Kairos: Towards Adaptive and Generalizable Time Series Foundation Models
- URL: http://arxiv.org/abs/2509.25826v1
- Date: Tue, 30 Sep 2025 06:02:26 GMT
- Title: Kairos: Towards Adaptive and Generalizable Time Series Foundation Models
- Authors: Kun Feng, Shaocheng Lan, Yuchen Fang, Wenchao He, Lintao Ma, Xingyu Lu, Kan Ren,
- Abstract summary: Time series foundation models (TSFMs) have emerged as a powerful paradigm for time series analysis.<n>We propose Kairos, a flexible TSFM framework that integrates a dynamic patching tokenizer and an instance-adaptive positional embedding.<n>Kairos achieves superior performance with much fewer parameters on two common zero-shot benchmarks.
- Score: 27.076542021368056
- License: http://arxiv.org/licenses/nonexclusive-distrib/1.0/
- Abstract: Time series foundation models (TSFMs) have emerged as a powerful paradigm for time series analysis, driven by large-scale pretraining on diverse data corpora. However, time series inherently exhibit heterogeneous information density over time, influenced by system states and signal complexity, presenting significant modeling challenges especially in a zero-shot scenario. Current TSFMs rely on non-adaptive processing pipelines that fail to capture this dynamic nature. For example, common tokenization strategies such as fixed-size patching enforce rigid observational granularity, limiting their ability to adapt to varying information densities. Similarly, conventional positional encodings impose a uniform temporal scale, making it difficult to model diverse periodicities and trends across series. To overcome these limitations, we propose Kairos, a flexible TSFM framework that integrates a dynamic patching tokenizer and an instance-adaptive positional embedding.
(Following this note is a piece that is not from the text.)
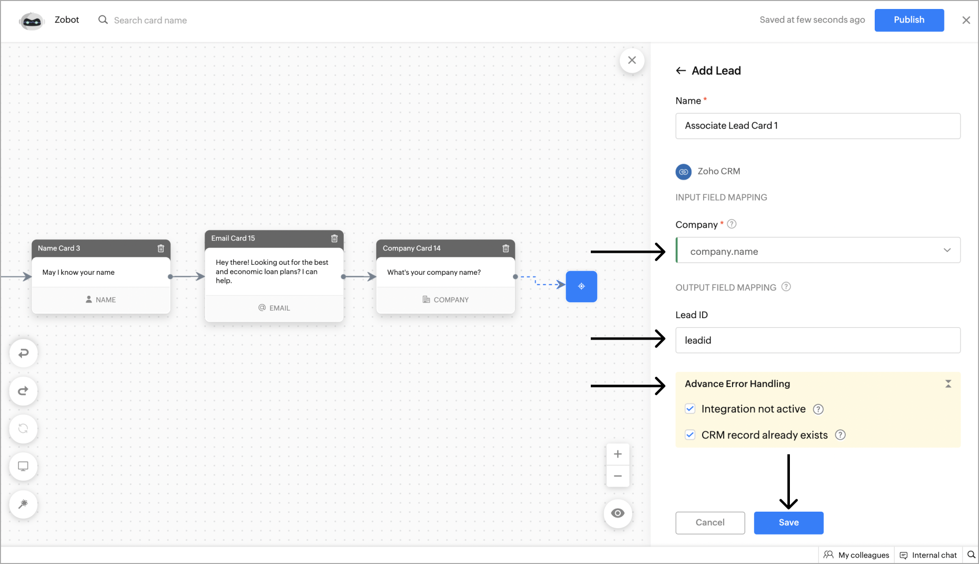 This card can be used to generate lead in CRM. To use this card, Zoho CRM integration is mandatory.
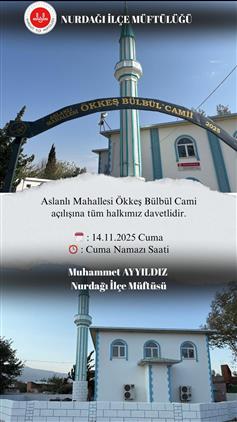 14.11.2025 tarihinde Cuma Namazında Aslanlı mahallesi ökkeş bülbül camii açılışı gerçekleştirilecek olup tüm halkımız davetlidir.

Kairos adaptively selects tokenization granularity and tailors positional encodings to the unique characteristics of each time series instance. Trained on a large-scale Predictability-Stratified Time Series (PreSTS) corpus comprising over 300 billion time points and adopting a multi-patch prediction strategy in the inference stage, Kairos achieves superior performance with much fewer parameters on two common zero-shot benchmarks, GIFT-Eval and the Time-Series-Library benchmark, consistently outperforming established methods across diverse tasks. The project page is at https://foundation-model-research.github.io/Kairos .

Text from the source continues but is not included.